Gesetzliche Berufspflichten bzw. Amtspflichten können als Rechtfertigungsgrund nach Art. 14 StGB gelten und damit konkretes amtliches Handeln (z.B. Amtsakte des Grundbuchamts) rechtfertigen und die Widerrechtlichkeit entfallen lassen.
“Bei der Auslegung und Anwendung des kantonalen Rechts sind der Vorinstanz damit keine Verstösse gegen das Verfassungsrecht unterlaufen. Mit Blick darauf erübrigt es sich, vorfrageweise zu prüfen, ob die Straftatbestände von Art. 320 und/oder Art. 321 StGB erfüllt sein könnten. So oder anders könnte das Grundbuchamt sich auf Art. 14 StGB ("Gesetzlich erlaubte Handlung") berufen. Wer handelt, wie es das Gesetz gebietet oder erlaubt, verhält sich nach Art. 14 StGB rechtmässig, auch wenn die Tat nach dem Strafgesetzbuch oder einem andern Gesetz mit Strafe bedroht ist (BGE 141 IV 417 E. 2.3 S. 421).

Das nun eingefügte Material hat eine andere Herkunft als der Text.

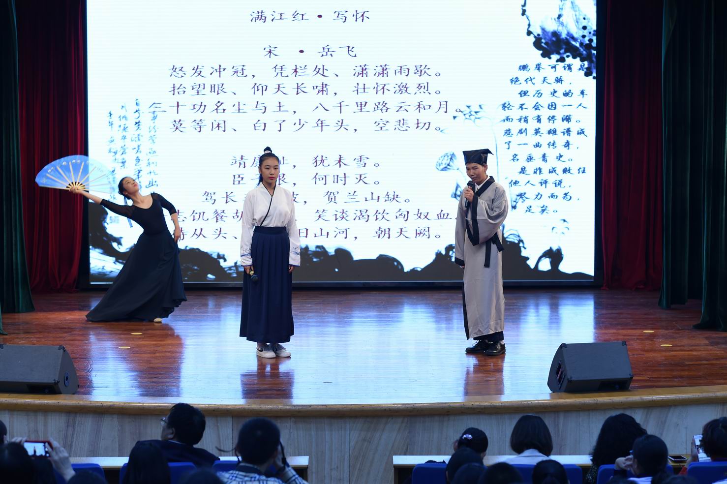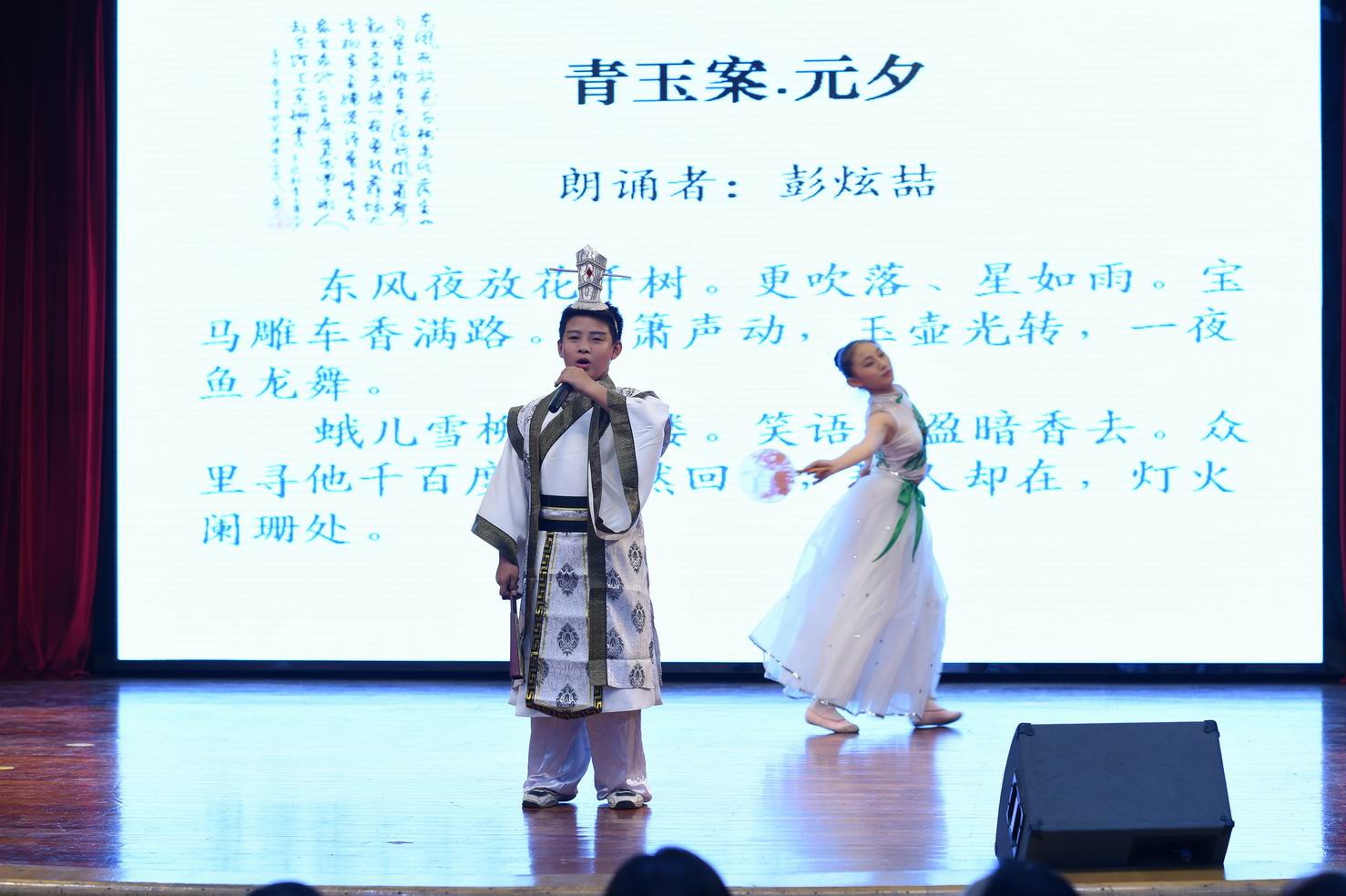 此次活动,是继“我与经典有约”、“腹有诗书气自华”等系列经典阅读活动后的又一次精彩展示。活动首先以“宋词赏读”为主题开展,各班同学自编自导精心准备节目,以愁、边塞战歌、李清照、辛弃疾、相遇、少年、怨、江山如画为主题词深情朗诵,辅以舞蹈,音乐等艺术形式,词舞相合,朗诵者卷舒自如,舞者舞姿曼妙,配以意境空明的音乐,生动演绎“宋词滋味”。本学期,在老师的推荐下我们很多同学看了林语堂先生的《苏东坡传》,每个人心中都有了一个不一样的苏东坡,在“别样东坡”环节,每个班都集体诵读一首自选东坡词,然后年级集体诵读《水调歌头.明月几时有》,通过集体吟咏那一首首传唱千古的名篇,去贴近那颗伟大美好的灵魂。

Grundlage für eine Rechtfertigung im Sinne von Art. 14 StGB bilden namentlich gesetzliche Berufspflichten (Urteil 6B_247/2019 vom 22. Juni 2020 E. 2.2.1), wie sie hier vorliegen. Darauf ist nicht weiter einzugehen.”

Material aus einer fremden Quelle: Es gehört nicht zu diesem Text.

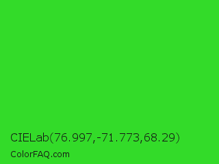 CIELab 76.997,-71.773,68.29 Color is a normal green color and the nearest color is Lime Green #32cd32. Hex code #33db29 and RGB value is rgb(51,219,41). In RGB color space, this color is composed of 20% red, 86% green, 16% blue, In CMYK color space, this color is composed of 77% cyan, 0% magenta, 81% yellow , 14% black , In HSL color space, this color has a hue angle of 117° , 71% saturation and 51% lightness.
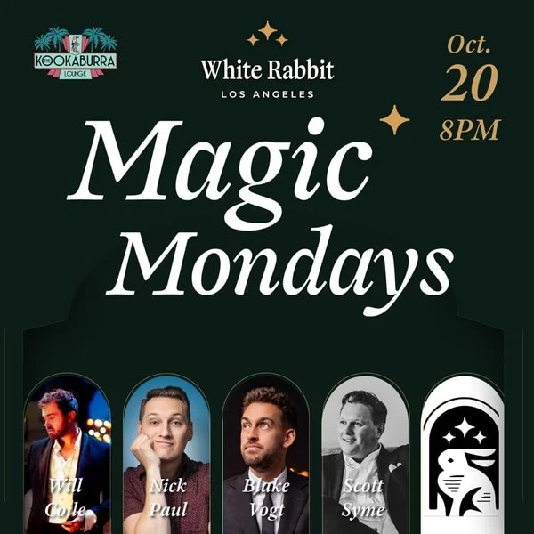 White Rabbit LA Presents Magic Mondays Come with us to the heart of Hollywood to experience an opulent evening of magic and mystery. Hidden inside a beautiful art deco atmosphere, the best kept secret in town, are elite magical acts from around the country. Prepare to be amazed as many surprises and delights await you. This is where the best come to play and every guest will depart with a story worth sharing!
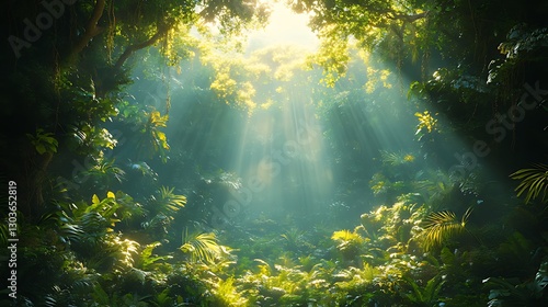 Fototapeta premium Sunbeams pierce lush jungle canopy, vibrant foliage, mystical background, nature scene

“Entscheid Verwaltungsgericht, 27.11.2020 Amtshilfepflicht bei Grundstückschätzung, Art. 57 StG, Art. 163 Abs. 3 StG (sGS 811.1) in Verbindung mit Art. 78 Ingress und lit. c StV (sGS 811.11), Art. 14 StGB in Verbindung mit Art. 320 StGB (SR 311.0). Grundbuchämter melden dem Steueramt grundsätzlich alle Tatsachen, die für eine Schätzung eines Grundstückes massgebend sind. Zwar untersteht der Grundbuchverwalter, als Angestellter der öffentlichen Verwaltung, dem Amtsgeheimnis, jedoch entfällt eine allfällige Widerrechtlichkeit bei Verletzung, wenn das Behördenmitglied oder der Beamte einer gesetzlichen Meldepflicht unterliegt. Im konkreten Fall hatte der Grundbuchverwalter den Veräusserungserlös gemäss beurkundetem, aber nicht vollzogenen, Grundstückkaufvertrag den Steuerbehörden zur Kenntnis gebracht. Weil die Mitwirkung des Grundbuchverwalters an der Schätzung ohnehin gesetzlich vorgesehen ist, ist eine allfällige Verletzung des Amtsgeheimnisses vollumfänglich auszuschliessen. Vielmehr stellte sich die Frage, ob der noch nicht vollzogene Grundstückskaufvertag zu den massgeblichen Tatsachen gehört, um die inhaltliche Richtigkeit der vorinstanzlichen Schätzung des Grundstückes im Zusammenhang mit der Festlegung einer Schenkungssteuer zu bestätigen.”